The reply must contain exactly the lines below from the one with "For a stronger" down to the one with "Aliefmedia.co.id, Ponorogo Jatim", both included, and nothing more; please omit the pictures.

(Records for processing Opens)

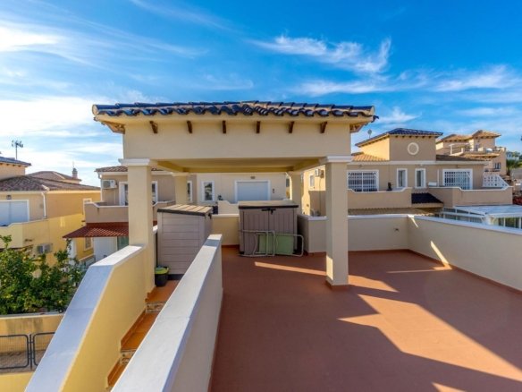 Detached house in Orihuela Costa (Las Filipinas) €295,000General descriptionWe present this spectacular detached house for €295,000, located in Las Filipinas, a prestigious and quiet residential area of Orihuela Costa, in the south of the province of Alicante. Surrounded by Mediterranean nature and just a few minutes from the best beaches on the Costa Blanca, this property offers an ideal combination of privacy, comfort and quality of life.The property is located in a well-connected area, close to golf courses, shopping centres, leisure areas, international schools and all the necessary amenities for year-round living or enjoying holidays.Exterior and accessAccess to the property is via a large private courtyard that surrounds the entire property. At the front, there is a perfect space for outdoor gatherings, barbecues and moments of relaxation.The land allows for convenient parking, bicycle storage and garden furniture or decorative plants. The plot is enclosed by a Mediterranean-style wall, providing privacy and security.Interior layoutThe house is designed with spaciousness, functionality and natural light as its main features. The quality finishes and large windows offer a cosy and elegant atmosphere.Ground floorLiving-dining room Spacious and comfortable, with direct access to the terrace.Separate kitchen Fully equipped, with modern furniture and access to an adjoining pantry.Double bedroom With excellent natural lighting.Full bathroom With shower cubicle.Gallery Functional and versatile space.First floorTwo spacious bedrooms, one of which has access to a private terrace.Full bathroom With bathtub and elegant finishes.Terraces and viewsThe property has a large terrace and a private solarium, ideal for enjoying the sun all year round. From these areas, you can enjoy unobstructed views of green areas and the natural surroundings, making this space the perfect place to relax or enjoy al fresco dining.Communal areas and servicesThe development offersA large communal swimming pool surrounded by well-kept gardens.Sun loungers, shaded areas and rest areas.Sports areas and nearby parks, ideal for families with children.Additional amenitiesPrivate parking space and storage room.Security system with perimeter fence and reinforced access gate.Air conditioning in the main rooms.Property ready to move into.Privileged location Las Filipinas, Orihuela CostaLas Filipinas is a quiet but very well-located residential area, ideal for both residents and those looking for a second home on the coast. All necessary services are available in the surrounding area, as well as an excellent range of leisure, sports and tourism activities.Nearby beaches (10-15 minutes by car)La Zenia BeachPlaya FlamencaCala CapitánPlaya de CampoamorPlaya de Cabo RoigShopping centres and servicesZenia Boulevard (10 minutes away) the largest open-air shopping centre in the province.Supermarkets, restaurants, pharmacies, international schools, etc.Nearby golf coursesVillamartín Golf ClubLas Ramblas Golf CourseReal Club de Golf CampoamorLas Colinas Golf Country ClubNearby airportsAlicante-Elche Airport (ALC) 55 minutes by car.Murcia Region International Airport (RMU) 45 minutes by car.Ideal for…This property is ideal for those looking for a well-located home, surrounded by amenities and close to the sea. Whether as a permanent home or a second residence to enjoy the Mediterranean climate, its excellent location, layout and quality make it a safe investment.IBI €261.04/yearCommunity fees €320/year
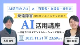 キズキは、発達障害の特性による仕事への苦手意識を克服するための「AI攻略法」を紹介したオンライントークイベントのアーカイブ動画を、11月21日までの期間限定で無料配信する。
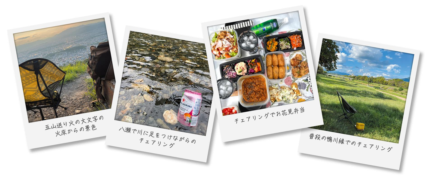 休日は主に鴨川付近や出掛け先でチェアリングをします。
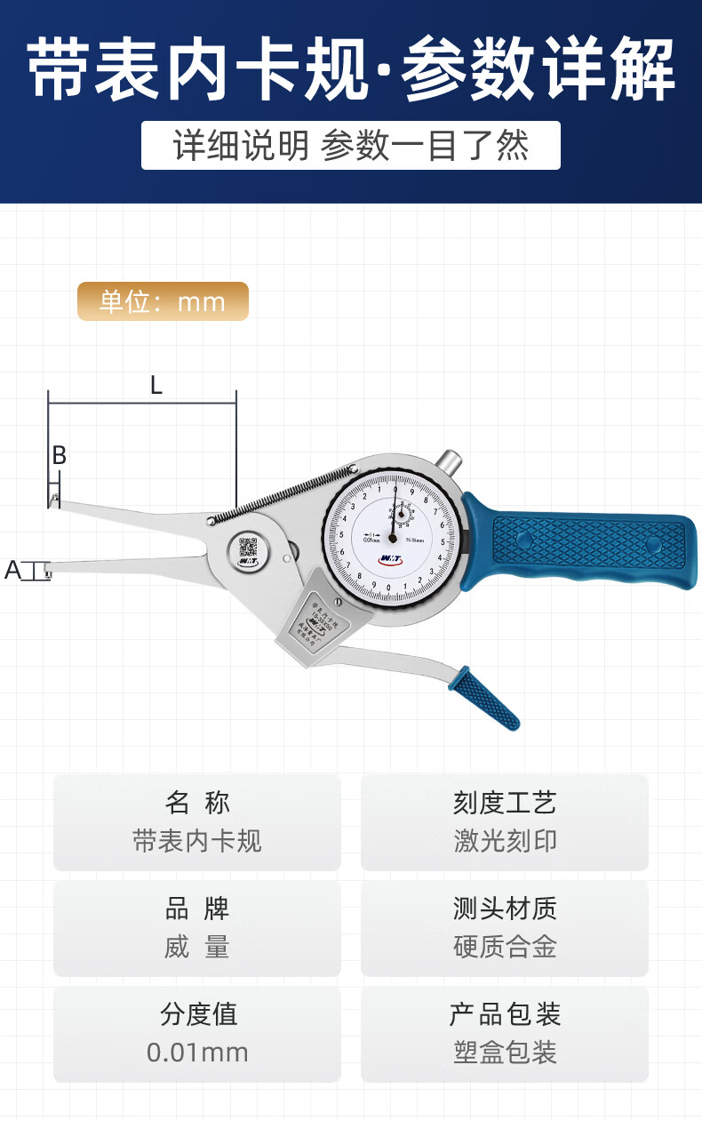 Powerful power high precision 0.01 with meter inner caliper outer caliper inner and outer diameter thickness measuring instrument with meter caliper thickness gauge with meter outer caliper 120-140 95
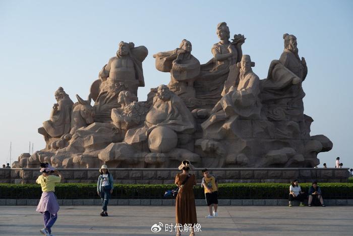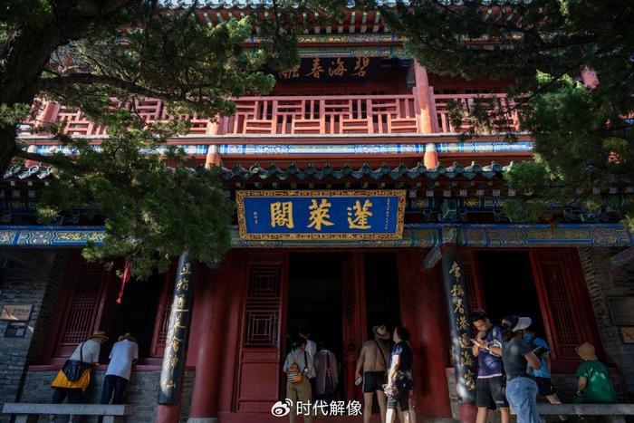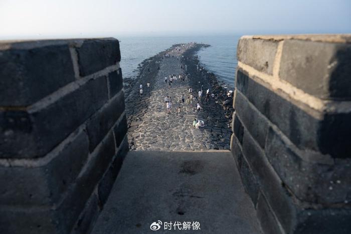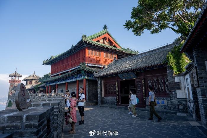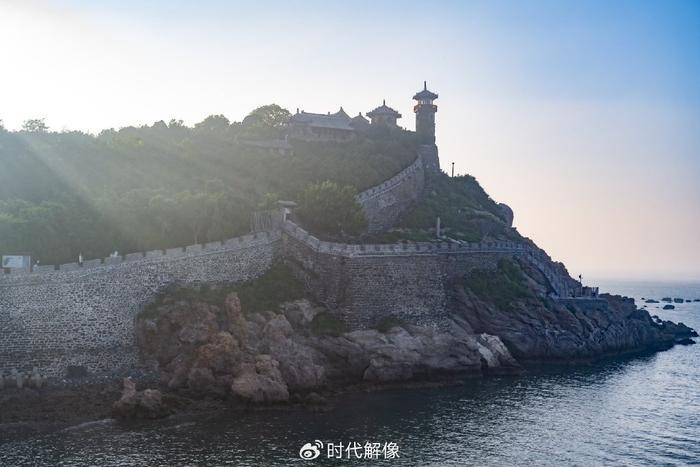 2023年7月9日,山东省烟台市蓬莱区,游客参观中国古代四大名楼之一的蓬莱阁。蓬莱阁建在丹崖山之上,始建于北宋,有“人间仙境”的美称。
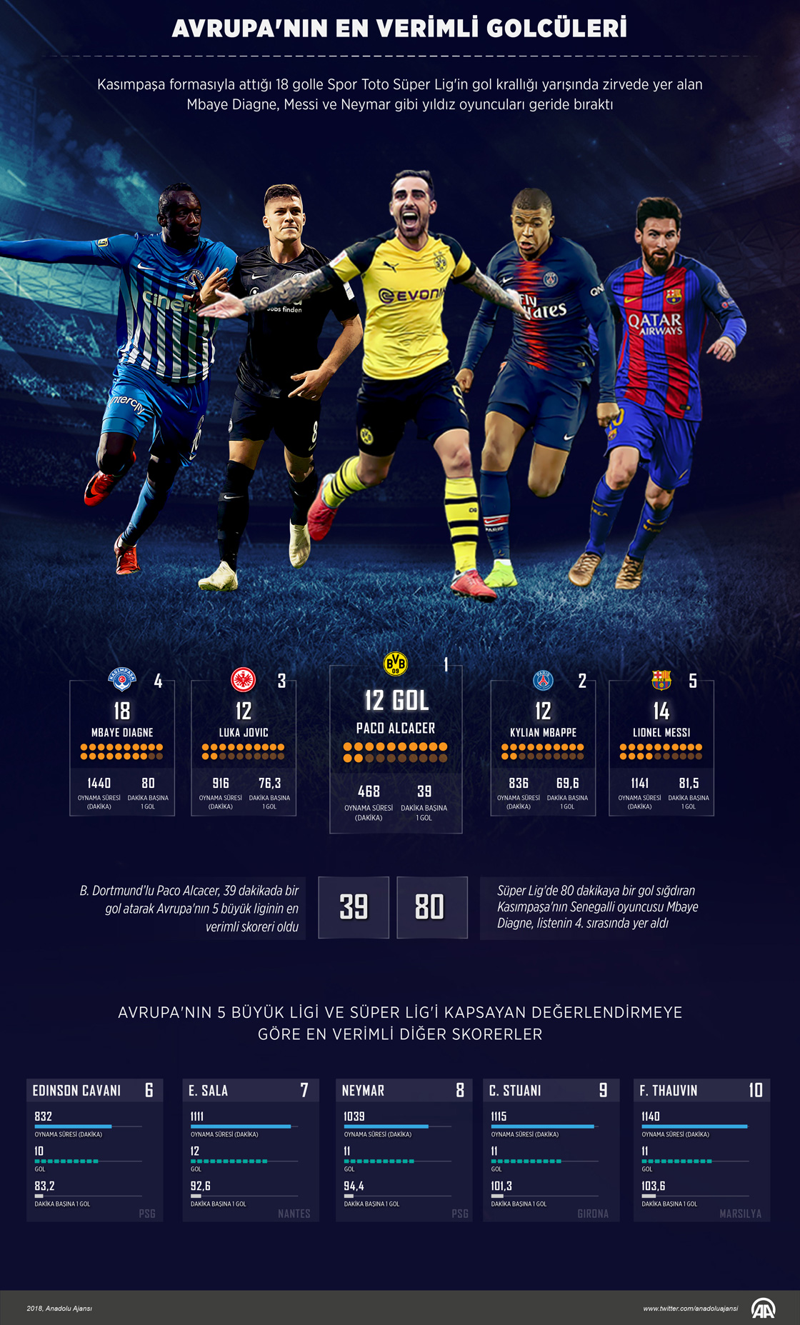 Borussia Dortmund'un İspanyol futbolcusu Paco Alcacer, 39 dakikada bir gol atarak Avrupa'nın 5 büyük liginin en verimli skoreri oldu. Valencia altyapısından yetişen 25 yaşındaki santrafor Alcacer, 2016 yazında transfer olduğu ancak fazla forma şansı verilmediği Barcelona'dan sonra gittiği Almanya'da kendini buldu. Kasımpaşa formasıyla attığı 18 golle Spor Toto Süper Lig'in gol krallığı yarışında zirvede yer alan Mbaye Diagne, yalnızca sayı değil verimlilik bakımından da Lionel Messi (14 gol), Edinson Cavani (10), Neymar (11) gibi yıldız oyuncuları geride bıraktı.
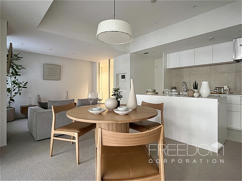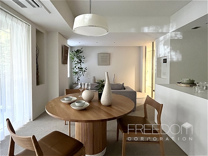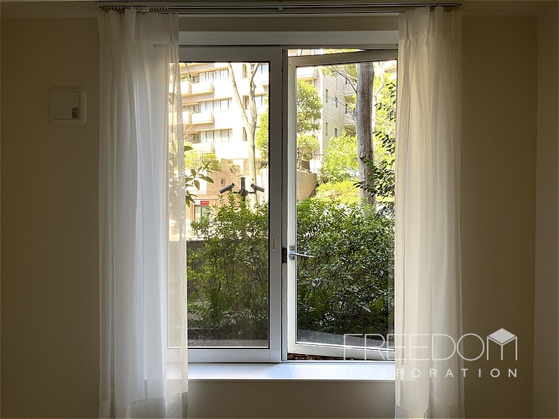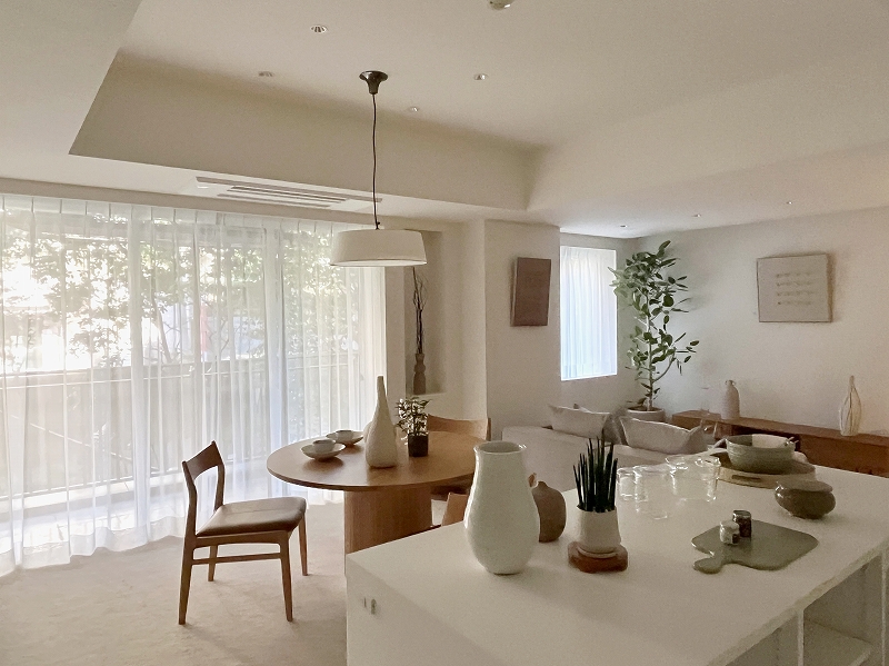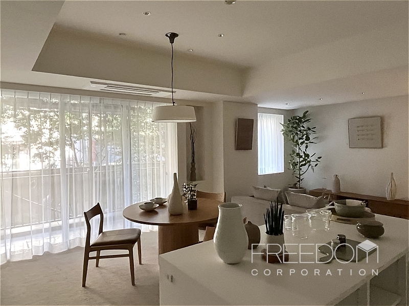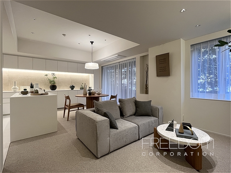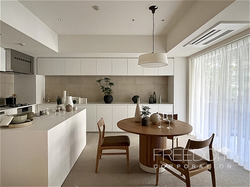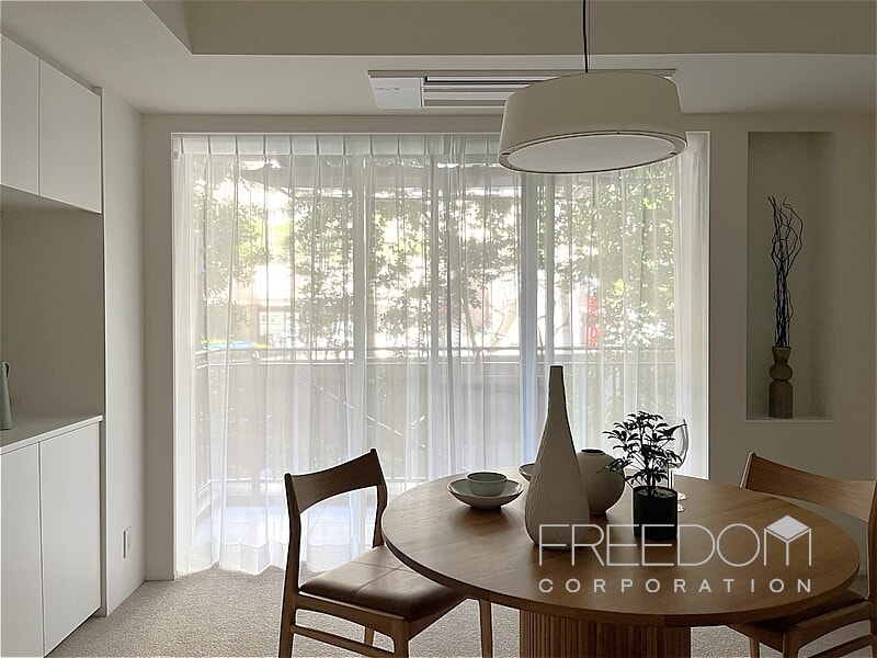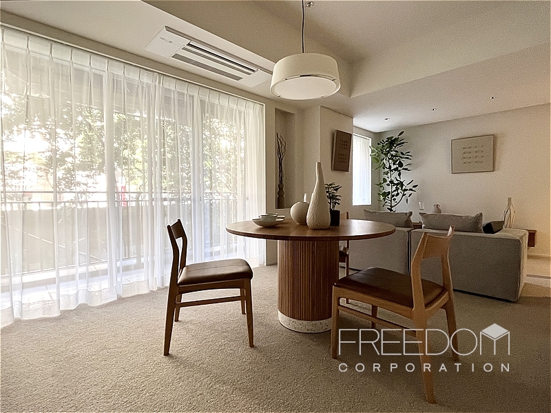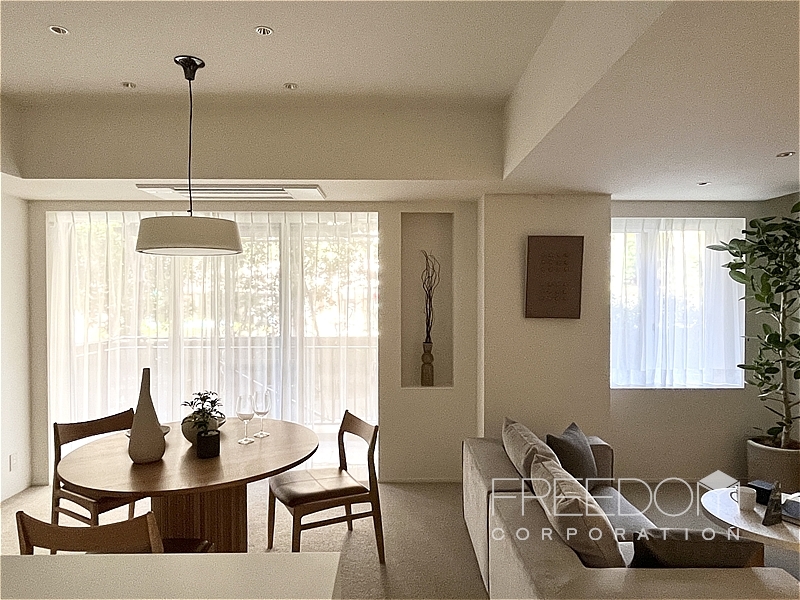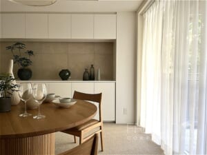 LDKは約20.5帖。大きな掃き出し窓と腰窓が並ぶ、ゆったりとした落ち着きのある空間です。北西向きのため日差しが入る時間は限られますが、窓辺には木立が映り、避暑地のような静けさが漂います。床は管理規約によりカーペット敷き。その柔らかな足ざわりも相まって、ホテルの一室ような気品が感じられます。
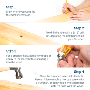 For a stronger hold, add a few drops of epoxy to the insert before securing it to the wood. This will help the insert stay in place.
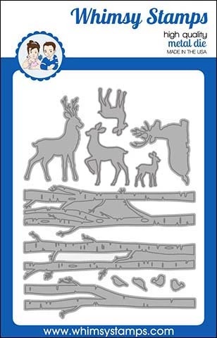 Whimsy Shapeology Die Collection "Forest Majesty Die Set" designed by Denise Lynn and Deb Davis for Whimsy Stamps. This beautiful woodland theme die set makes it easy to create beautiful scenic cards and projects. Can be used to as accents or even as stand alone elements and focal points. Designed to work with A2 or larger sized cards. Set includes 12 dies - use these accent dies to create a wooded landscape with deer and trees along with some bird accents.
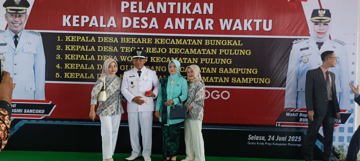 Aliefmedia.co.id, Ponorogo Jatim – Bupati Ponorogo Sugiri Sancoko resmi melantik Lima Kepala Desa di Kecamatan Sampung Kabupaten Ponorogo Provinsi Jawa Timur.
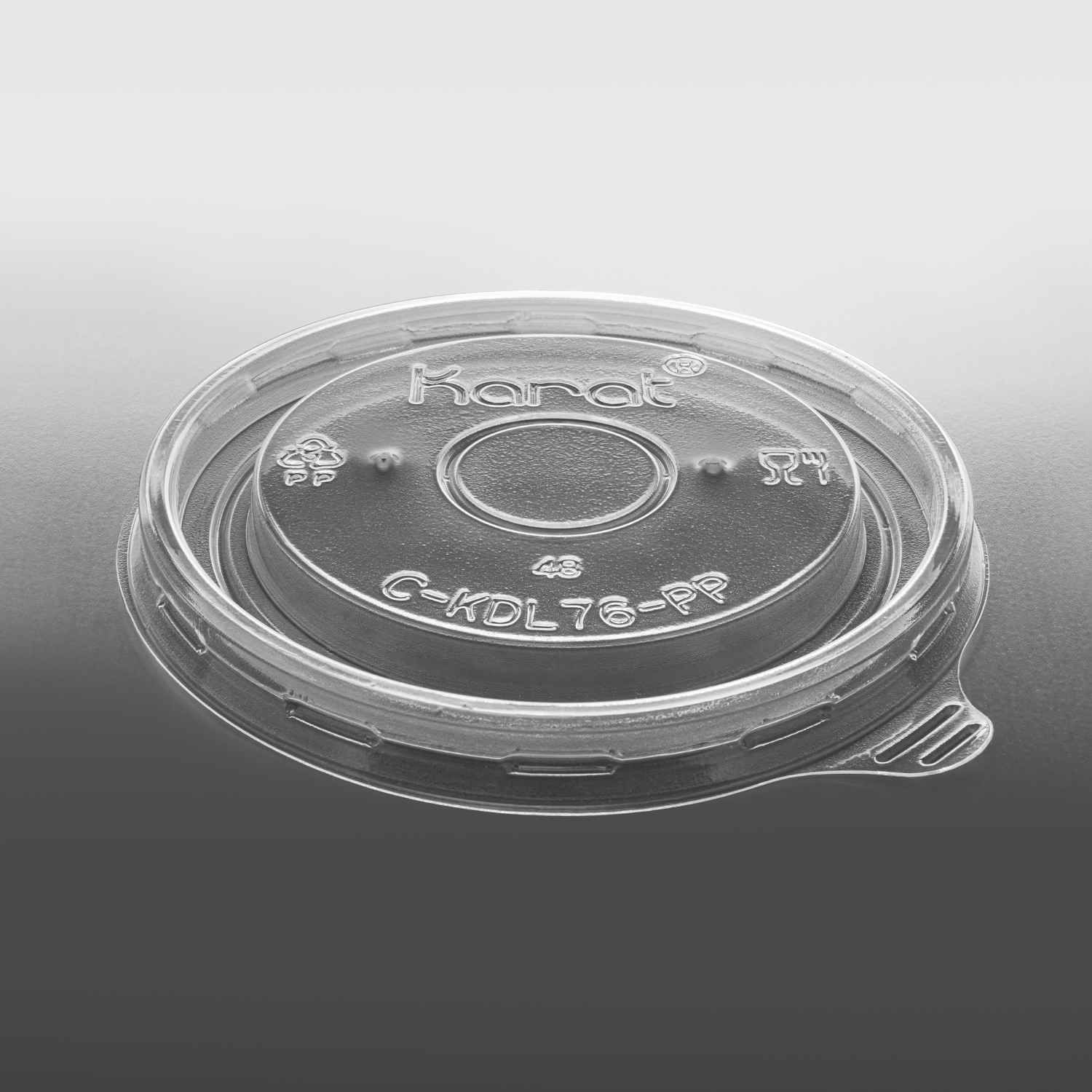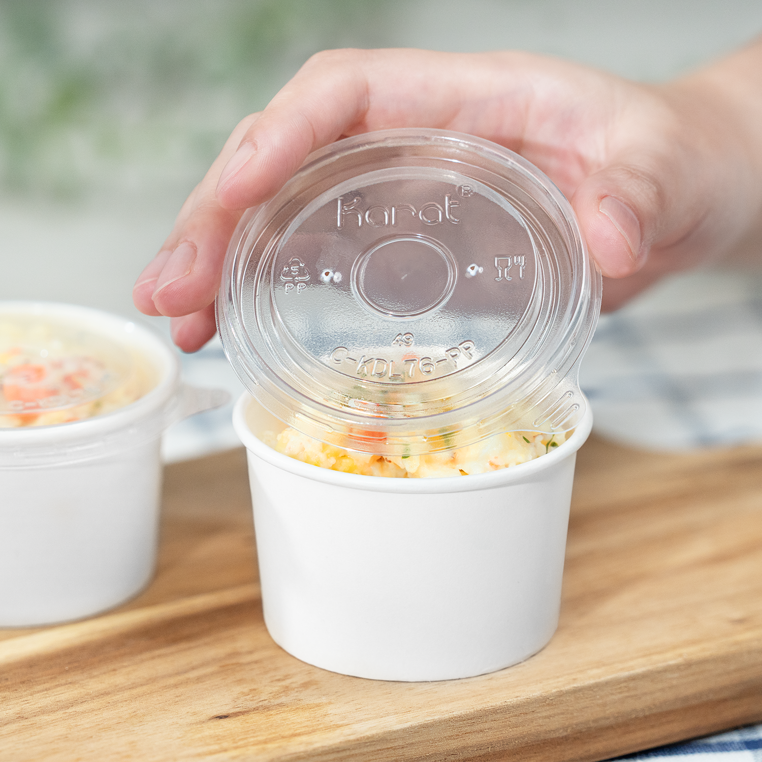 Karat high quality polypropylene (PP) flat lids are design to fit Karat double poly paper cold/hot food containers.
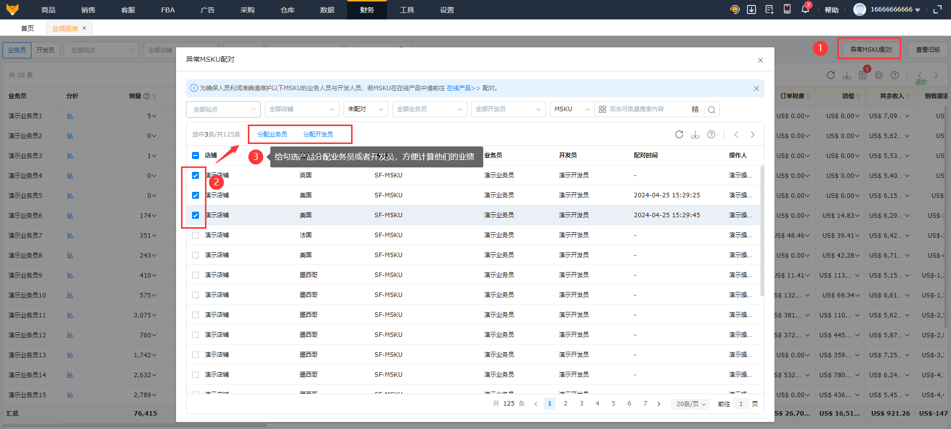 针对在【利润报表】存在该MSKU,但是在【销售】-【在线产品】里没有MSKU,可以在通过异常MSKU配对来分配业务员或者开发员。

(Records for processing Closes)

● Expected output
 For a stronger hold, add a few drops of epoxy to the insert before securing it to the wood. This will help the insert stay in place.
 Whimsy Shapeology Die Collection "Forest Majesty Die Set" designed by Denise Lynn and Deb Davis for Whimsy Stamps. This beautiful woodland theme die set makes it easy to create beautiful scenic cards and projects. Can be used to as accents or even as stand alone elements and focal points. Designed to work with A2 or larger sized cards. Set includes 12 dies - use these accent dies to create a wooded landscape with deer and trees along with some bird accents.
 Aliefmedia.co.id, Ponorogo Jatim – Bupati Ponorogo Sugiri Sancoko resmi melantik Lima Kepala Desa di Kecamatan Sampung Kabupaten Ponorogo Provinsi Jawa Timur.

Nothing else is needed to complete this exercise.